In the TCGA-GBM dataset, univariate Cox regression analysis was performed on risk score and disparate clinicopathological traits via the survival (v 3.5-3) package (p < 0.05). Then, the PH assumption test was carried out (p > 0.05). Subsequently, independent prognostic factors were gained through multivariate Cox regression analysis through the survival (v 3.5-3) package (p < 0.05). A forest plot was drawn using the forestplot (v 3.1.1) [82] package for visualization. The nomogram was formed for independent prognostic traits via the rms (v 6.5-0) package [83] to predict the 1-year, 2-year, and 3-year survival probabilities of GBM patients. The calibration curve was established through the calibrate function in the rms (v 6.5-0) package to evaluate the prediction accuracy of the nomogram model. ROC curves for 1 year, 2 years, and 3 years were exhibited using the survivalROC (v 1.0.3.1) package [78] to assess the effectiveness of the model (AUC > 0.07). Finally, the decision curve analysis (DCA) curve was exhibited via the ggDCA (v 1.2) package (https://www.rdocumentation.org/packages/ggDCA/versions/1.1 (accessed on 25 September 2024)) to further evaluate the clinical utility of nomogram.

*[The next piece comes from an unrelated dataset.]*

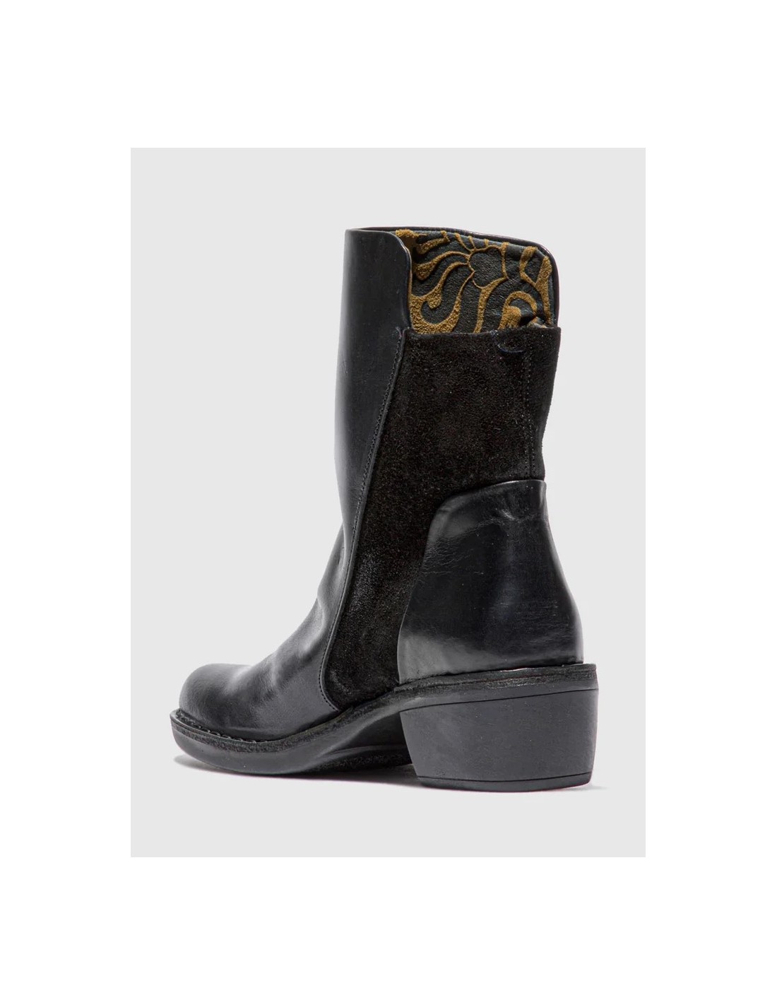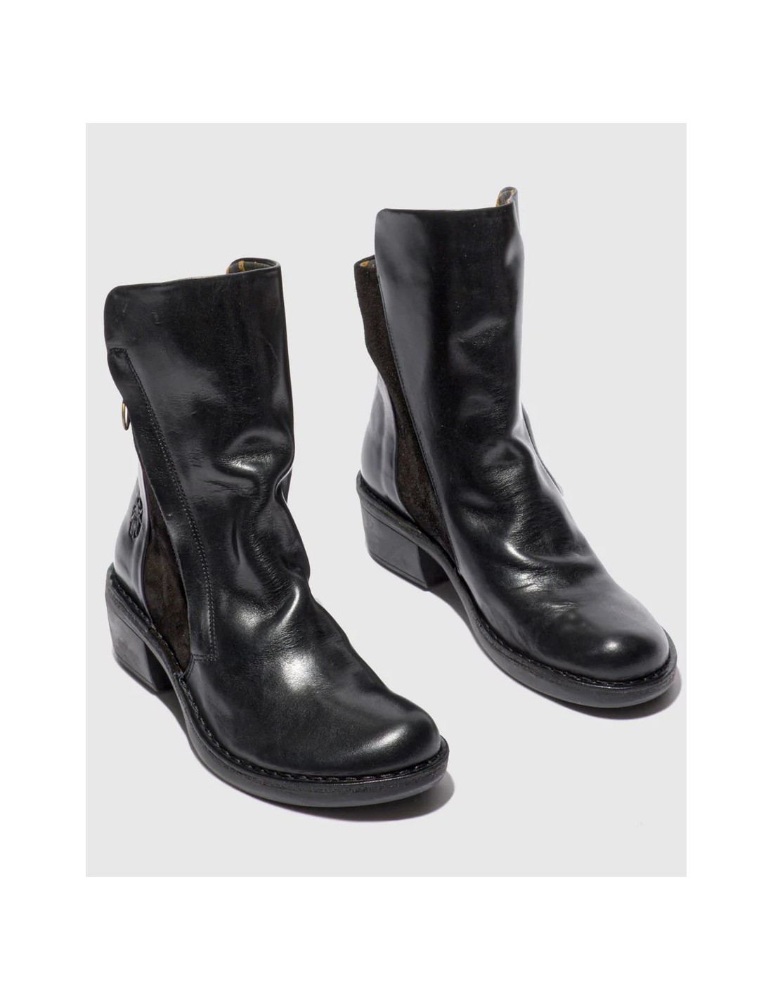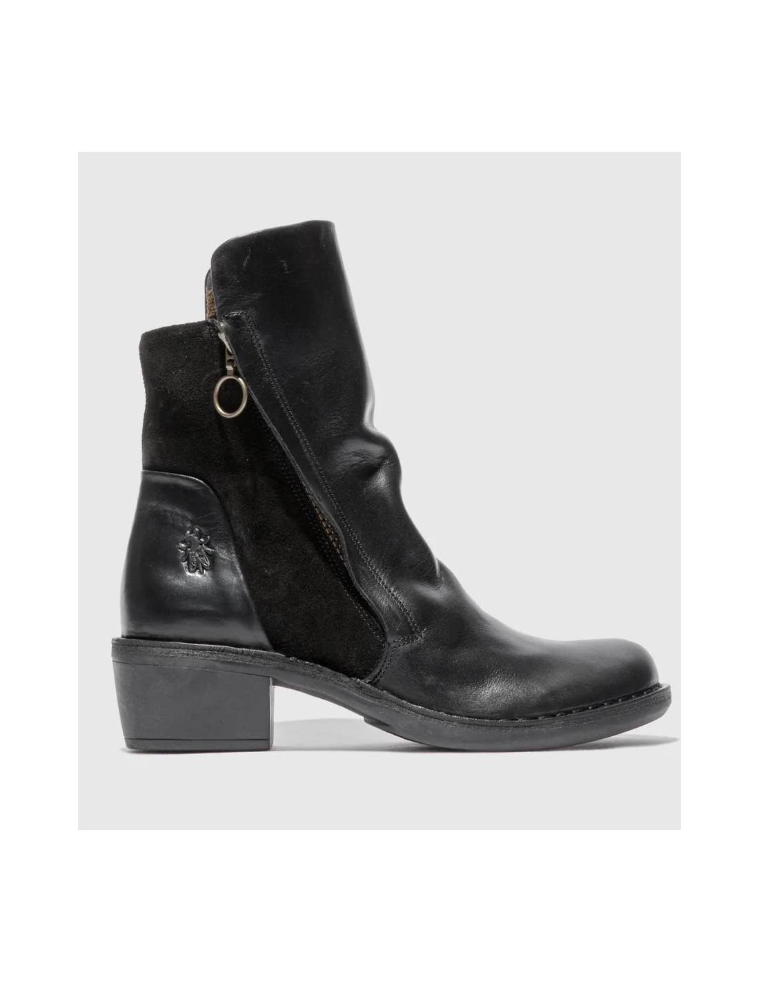 El modelo MELY, es una bota de media caña con tacón bajo de mujer de la línea Mela de fly london, con cierre de cremallera.

4.8. Functional Enrichment Analysis of the HRG and LRG

In the TCGA-GBM dataset, differential analysis among the HRG and LRG was performed using the DESeq2 (v 1.38.0) package [84] to obtain DEGs, and log2FC was ranked in descending order. The c2.cp.kegg_medicus.v2023.2.Hs.symbols.gmt was downloaded from the MSigDB database as a background reference gene set. Then, the Gene Set Enrichment Analysis (GSEA) function in the clusterProfiler (v 4.7.1.003) package was applied to carry out enrichment analysis on DEGs between two risk groups (|normalized enrichment score (NES) | > 1, p < 0.05). Subsequently, the top 5 pathways with smallest p-values were selected and depicted via the enrichplot (v 1.18.0) package [85]. Gene Set Variation Analysis (GSVA) was accomplished among the HRG and LRG via the GSVA (v 1.46.0) package [86] to compute enrichment scores of each signal pathway. The background reference gene set was the same as that of GSEA. Then, the limma (v 3.54.0) package was used to contrast pathway differences ranging from the HRG to the LRG (p < 0.05, |t| > 2). A t value greater than 2 represented a pathway markedly upregulated in the HRG, and a t value less than 2 represented a pathway substantially downregulated in the HRG. Subsequently, the top 10 pathways with the largest |t| values were selected and presented via the ggplot2 (v 3.4.4) package.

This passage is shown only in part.